BEGIN RECORDS FOR THIS TASK
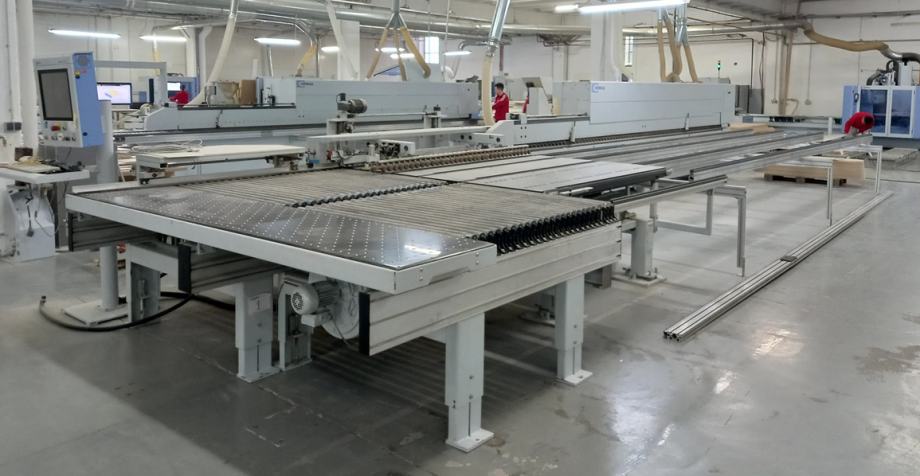 1 HOMAG PROFI TBL 100/35/12 Stol za dovođenje s potpuno automatskim WZ10 sustavom za povlačenje izratka različitih dimenzija u uzdužnom i poprečnom smjeru.
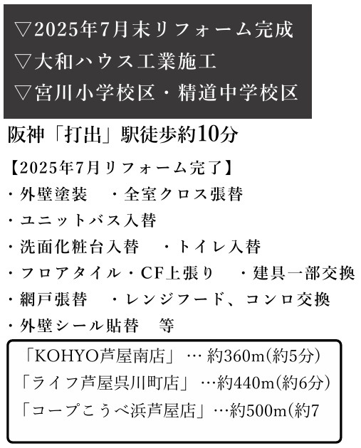 交通 | 阪神本線 打出駅まで 徒歩10分 JR東海道線 JR芦屋駅まで 徒歩19分 |
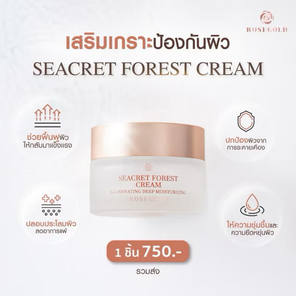 ครีมโรสโกลด์ ลดสิว Rosegold Seacret Forest Cream ครีมน้ำระเบิด เติมความชุ่มชื้น ผิวแข็งแรง
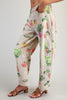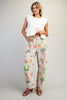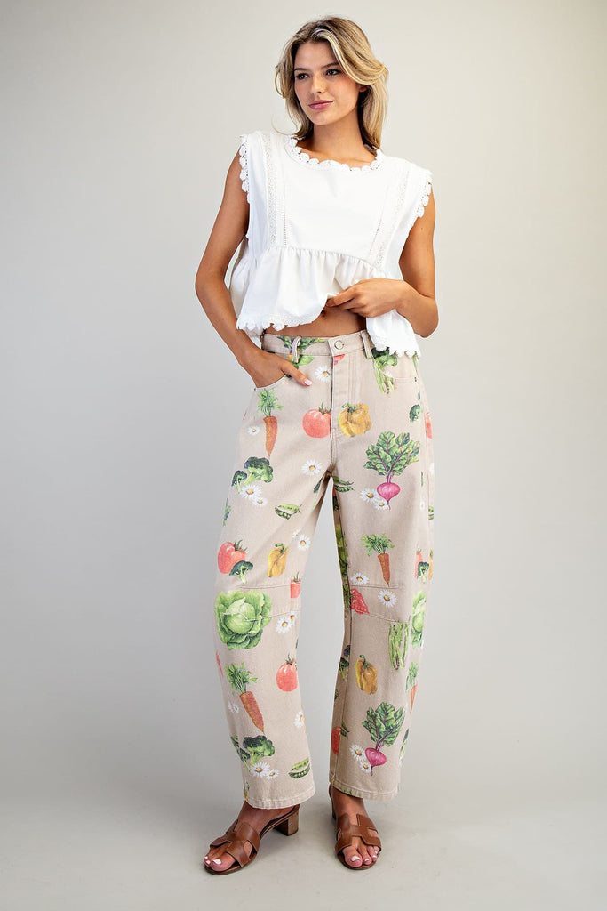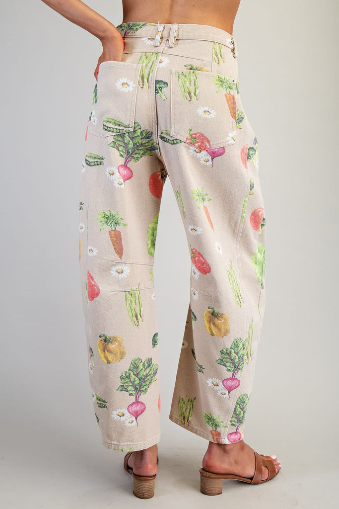 These mineral washed pants feature an allover garden vegetable and floral print on a neutral woven base, designed with a high rise waist, belt loops with double back buckle accents, side hip pockets, back patch pockets, seamed panel detailing down the legs, and a relaxed barrel leg silhouette for a playful yet structured look.
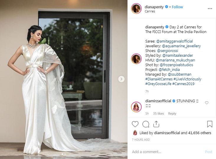 While Deepika returned home to Ranveer Singh after giving us a few of the most iconic fashion moments, Diana Penty sashayed into "Day 2 at Cannes" in an Amit Aggarwal saree for the FICCI Forum at the India Pavilion.
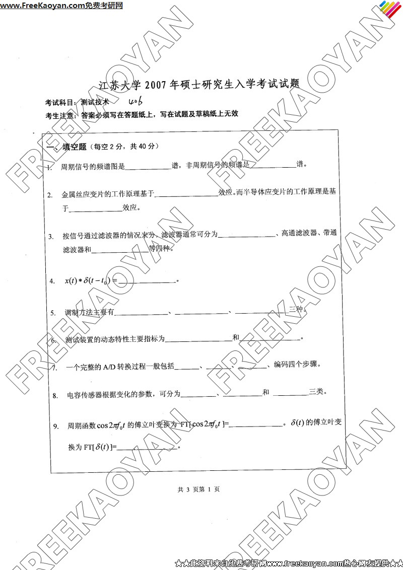 江苏大学2007年考研真题-测试技术
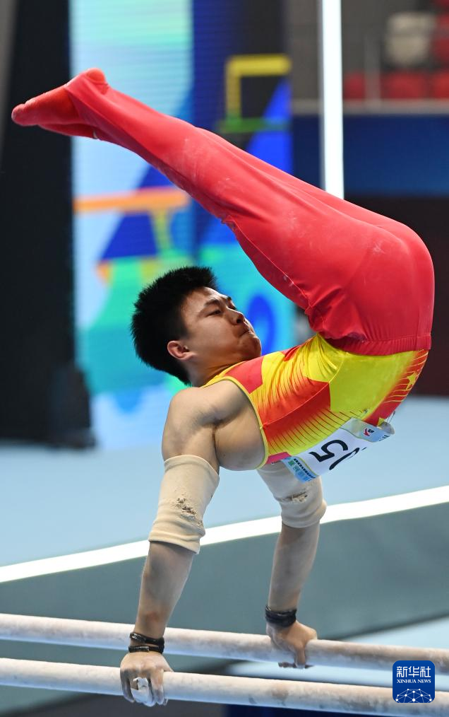 5月15日,湖南队选手李于毅在男子预赛双杠比赛中。
END RECORDS FOR THIS TASK
- [BRIEF]: Print the lines from the one that contains "These mineral washed" through the last line of the data, exactly and in full, and no other lines. Pictures are not part of the copy.

- [EXERCISE SOLUTION]:
 These mineral washed pants feature an allover garden vegetable and floral print on a neutral woven base, designed with a high rise waist, belt loops with double back buckle accents, side hip pockets, back patch pockets, seamed panel detailing down the legs, and a relaxed barrel leg silhouette for a playful yet structured look.
 While Deepika returned home to Ranveer Singh after giving us a few of the most iconic fashion moments, Diana Penty sashayed into "Day 2 at Cannes" in an Amit Aggarwal saree for the FICCI Forum at the India Pavilion.
 江苏大学2007年考研真题-测试技术
 5月15日,湖南队选手李于毅在男子预赛双杠比赛中。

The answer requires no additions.